The doctors in the NICU expressed their concern and belief that immunizing Will was an absolute necessity. He is far more likely to contract contagious illness, and if he did, the illness would be harder on him than it would be on a normal healthy baby. Considering everything Will had fought through simply to be born, my husband and I agreed to vaccinate him. We now advocate for vaccines.

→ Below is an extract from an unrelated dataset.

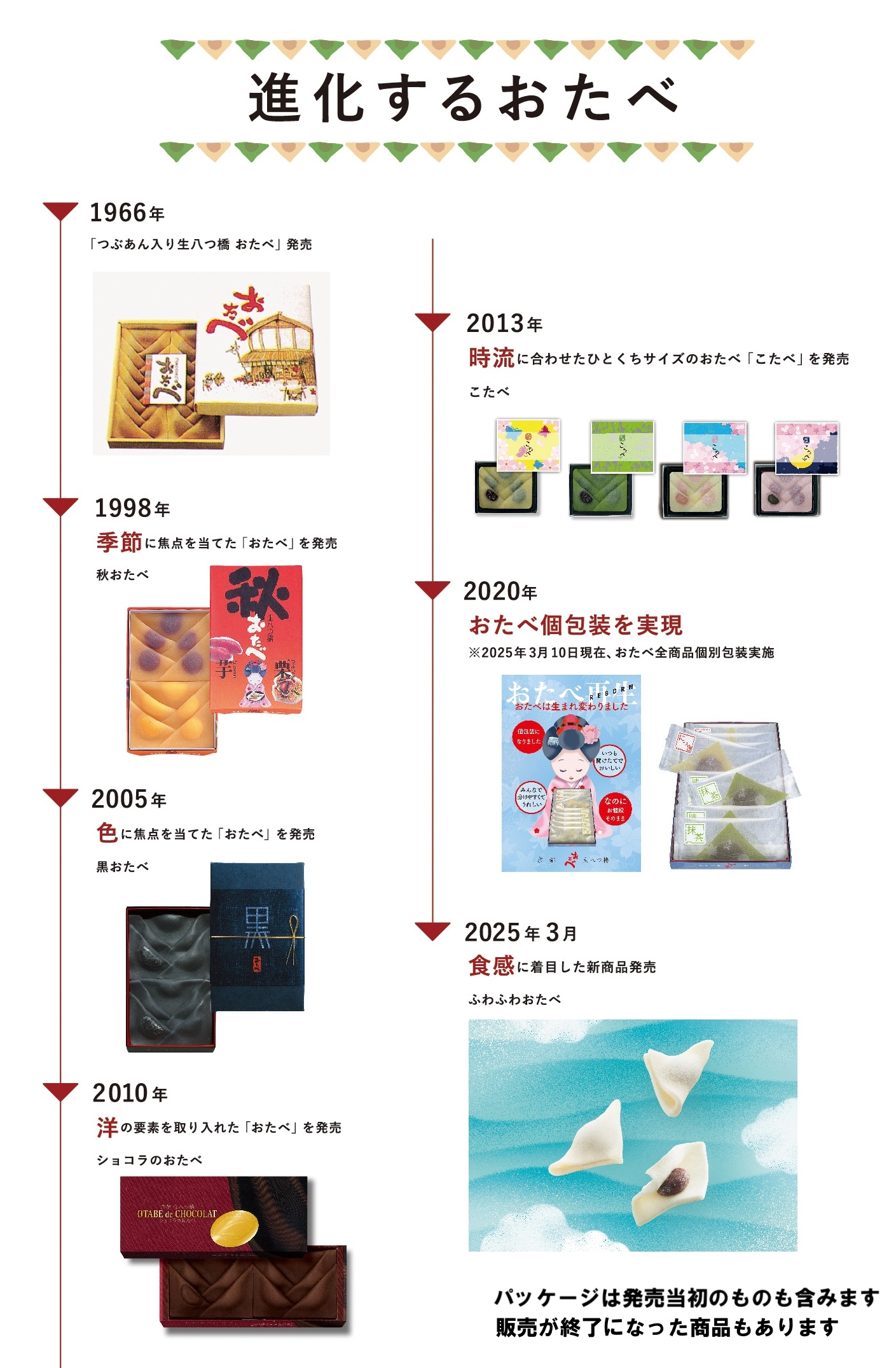 八つ橋といえば硬い焼き菓子か、あるいはシート状の生八つ橋しかなかった昭和41年、生八つ橋でつぶあんを包み、三角形に折った「おたべ」を世に出したのです。
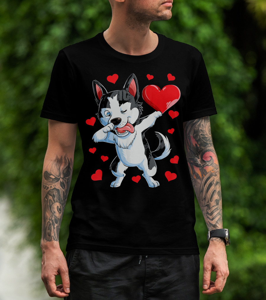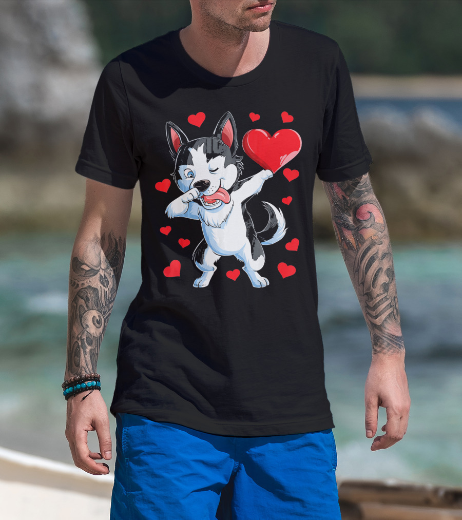Siberian Husky Dabbing Valentine Heart Fun T-Shirt

Of course, not everyone sees things our way, even family members. It’s especially hard when we have to choose to stay away from loved ones who choose not to vaccinate, even if it’s out of a desire to protect our baby. But after spending many months in a hospital I have seen and met parents who have children who have been affected by unvaccinated children and adults, and I’ve seen up close the price that child pays as a result of poorly informed choices and an unwillingness to learn more.

As far as I’m concerned, being the mother of a medically fragile child, vaccines are not up for debate. Their safety and effectiveness have been proven over and over again. More, they have improved the overall health of our communities substantially, almost to the point where people think the diseases they prevent no longer pose a danger. The truth is that the danger of vaccine-preventable diseases is always there. And not vaccinating your children not only puts your child at risk, it also puts other children at risk. Children like William, who has fought and continues to fight for life every day.

Alyssa Reidhead lives with her son, William, and her husband in Utah.